Rocco Caminiti e Francesco Borghi, due grandi mattacchioni, d’intesa con Edoardo Serra, il postino, fecero recapitare a Giovanni Nisticò, l’aggiusta ossa famoso in paese per la sua patologica tirchieria, una lettera dove si leggeva che il suo nome era stato estratto a sorte fra gli abbonati alla televisione. Per tanto, aveva vinto un milione di lire.
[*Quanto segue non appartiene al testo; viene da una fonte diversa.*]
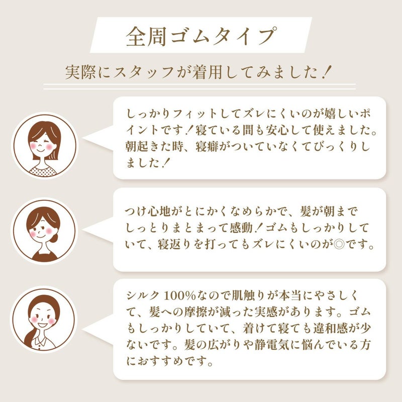 シルクナイトキャップ 筒型 全周ゴム

IL TACCAGNO abboccò come un pesce all’amo e dalla gioia non stava più nella pelle. Così, quando gli artefici della burla qualche sera dopo andarono a trovarlo – adducendo Rocco la scusa che una malconcia, dolorante caviglia gli faceva vedere i sorci verdi – lui se ne stava beatamente spaparacchiato davanti al caminetto. «Esimio signor compare – esordì Francesco Borghi – questa sera mi sembrate più vispo, più allegro del solito! A vedervi, uno giurerebbe che abbiate fatto, come minimo, un terno al lotto! Mi sbaglio? È una mia impressione?». «Non vi sbagliate affatto! Sono diventato milionario! Milionario! Cari miei, dovete sapere che giorni fa il postino mi ha consegnato una lettera della raitivù dove m’informano che ho vinto un milione di lire!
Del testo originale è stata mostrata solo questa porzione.